2012年6月9日土曜日

song of P.F.Sloan:30年の隠遁生活



萩原健太さんのお薦めだった Rita Wilson か、Rumer か迷って、Rumer のアルバムをアマゾンで購入(同時に買ったのは、Bonnie Raitt の新譜と、Tedeschi Trucks Band Live)。

パキスタン生まれのイギリス人女性シンガーの2枚目。ぜんぜん知らない名前だった。ボーナストラックを含めて全16曲が、70年代のカバー。ほとんどが、無名の曲ばかり(Paul Williams や Neil Young は、有名だな、それに Hall & Oates の曲は大ヒットかな)。

アルバム1曲目は、Jimmy Webb の "P.F. Sloan"のカバー。オリジナルは1970年だ。知らなかった。この曲のことは。PFスローンの名前はもちろん知っていたけど、「孤独の世界」で覚えていただけ。
彼は60年代後半のダンヒルレコードでソングライターをしていた。
"Eve of destruction"の作者でもある。
60年代の終わりごろに、業界から姿を消したようだ。以来30年間ほど、隠遁生活。病気がちだったという記述もあるが、詳しいことはわからない。00年代になって、復活のアルバムを出したようだ。
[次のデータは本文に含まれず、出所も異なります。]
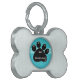 A sweet black paw print on a aqua animal pattern background, customize this pet tag with pets name and number to call if they get lost.
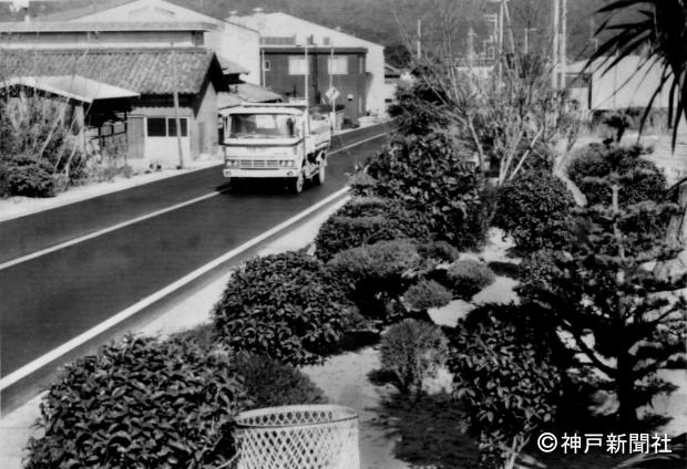 国道28号線沿いにあった1000本以上の黒松の並木「八木の並松(なんまつ)」は日本の代表的な景勝地として国の天然記念物に指定されていました。しかし道路整備や松枯れにより昭和55年、最後の1本が伐採され、のちに天然記念物指定解除なりました。写真は松に代わるいろんな花木が植え込まれた「八木の並松」の跡地。
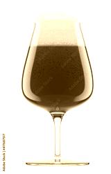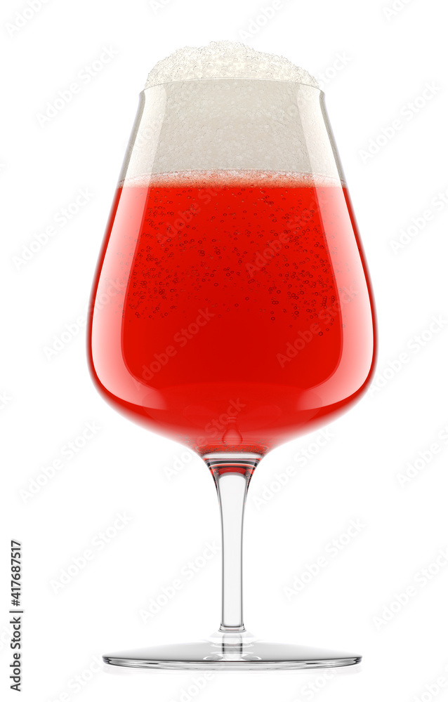 Frosty glass of fresh draft beer with bubble froth isolated on white background.
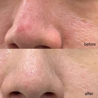最大感受的部分是鼻頭,由於鼻頭一開始有些痘印令鼻頭色素變深,使用水光小白瓶後明顯看得出鼻頭暗沉的部位變得亮白,不止減淡了痘印,粗大毛孔都得到改善,感覺有變平滑了一點。
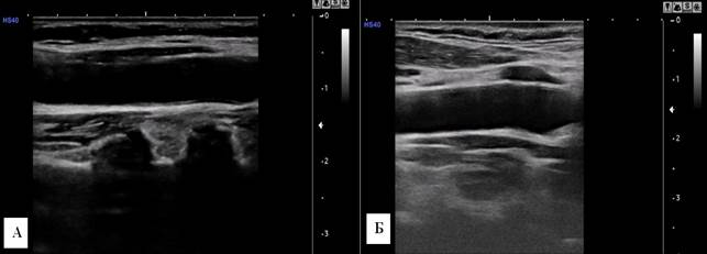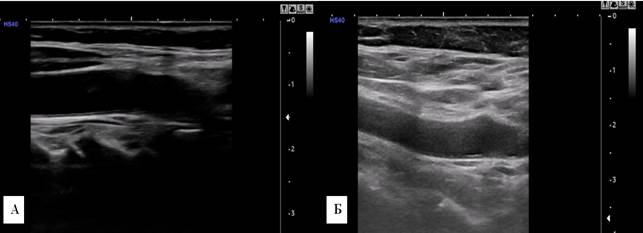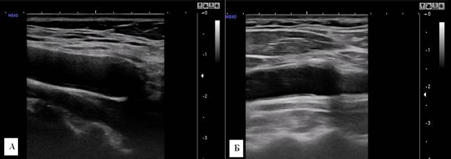 Рис. 1. Сонограмма a. carotis communis dextra. А – мужчина, 30 лет; Б – женщина, 29 лет. У мужчины диаметр артерии больше.
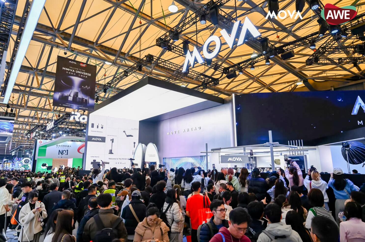 2026年AWE中国家电及消费电子博览会拉开帷幕,为行业呈现了一场技术与生活深度融合的盛宴。全球高端AI智慧生活引领者MOVA携32大产品线、31款创新产品重磅参展,以年度营收较2024年增长418%的亮眼成绩,完成对“家庭AI系统架构”战略内核的深度落地,正式宣告家庭AI主动时代的全面开启。
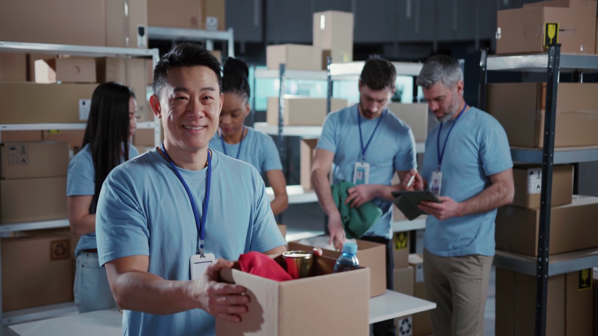 Multiethnic Team Of Volunteers Collaborating In Workshop Chinese Male Adult Worker Collecting Food Supply Free Delivery Box Smiling IntoÂ
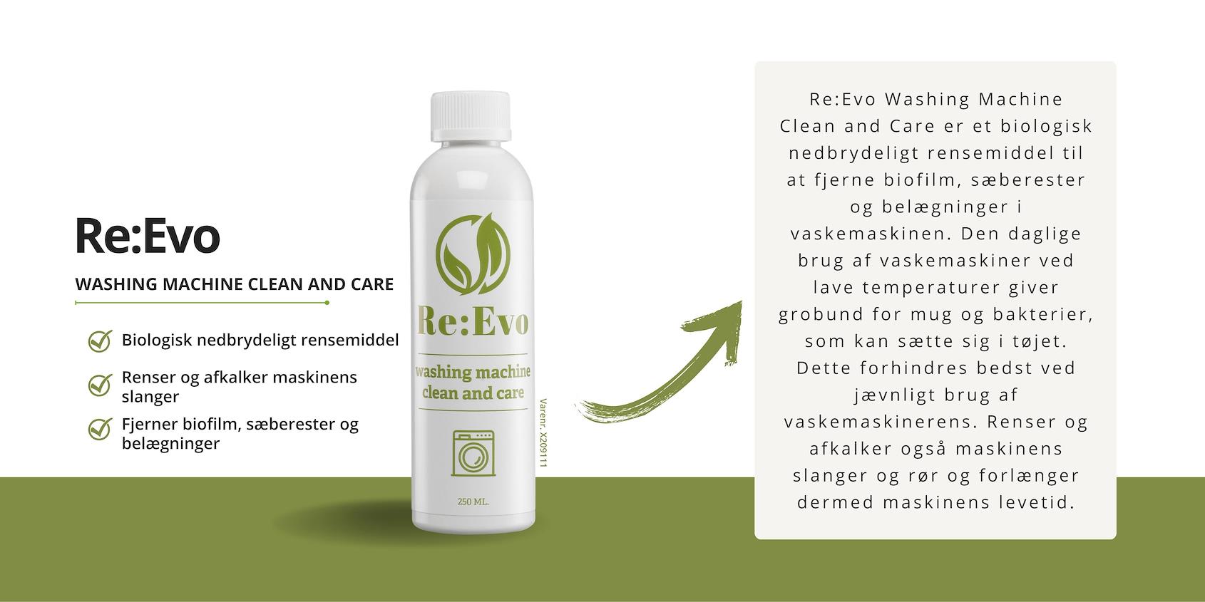 Re:evo er den ultimative grønne plejeserie, hvor effektiv rengøring møder miljøbevidsthed. Vores omfattende produktserie er udviklet med et mål om at, beskytte og livsforlænge dine husholdningsapparater og samtidig skåne vores miljø.

I have been seeking P F Sloan
but no one knows where he has gone

こんな歌もめずらしい。実在の人物の名前(といってもペンネームのようだが。母親がルーマニア人だったか)を歌のタイトルにするなんて。

yes, but you just smiled and read the rolling stone while he continued singing
aww yes now a listen to him singing

ネットで調べると、ぼくの大好きな Jennifer Warnes も、そのむかしこの曲をカバーしていたし、ずっと最近になって、作者の Jimmy Webb と Jackson Browne のデュエットというのもある。Jackson が自分のライブで歌う音源も聞いた。

こんなに歌われて、隠遁生活を続けるのは、大変だったかなあ、と同情してみたりする。
潜在的隠遁生活願望を持つぼくのような人間には、30年間は魅力的だ。もちろん、20代のころに作った曲の印税があったからこそできた隠遁生活だろうけど。

Rumer のアルバムの方は、なんというか、声がちょっと甘く、ときどきカレン・カーペンターに聞こえるときもある。カレンの声に、リンダ・ロンシュタットの選曲センスを混合して、カーラ・ボノフの西海岸フレーバーをふりかけると、Rumer のできあがり、なんて書くとほめすぎかな。
朝の自転車散歩のBGMには最適です。

あらためて youtube を見ていたら、こんな映像が出てきた。
http://youtu.be/WYRD0ZTeYrw
Jimmy Webb と Rumer の共演。2012/5/15公開だから、最近の映像だと思われます。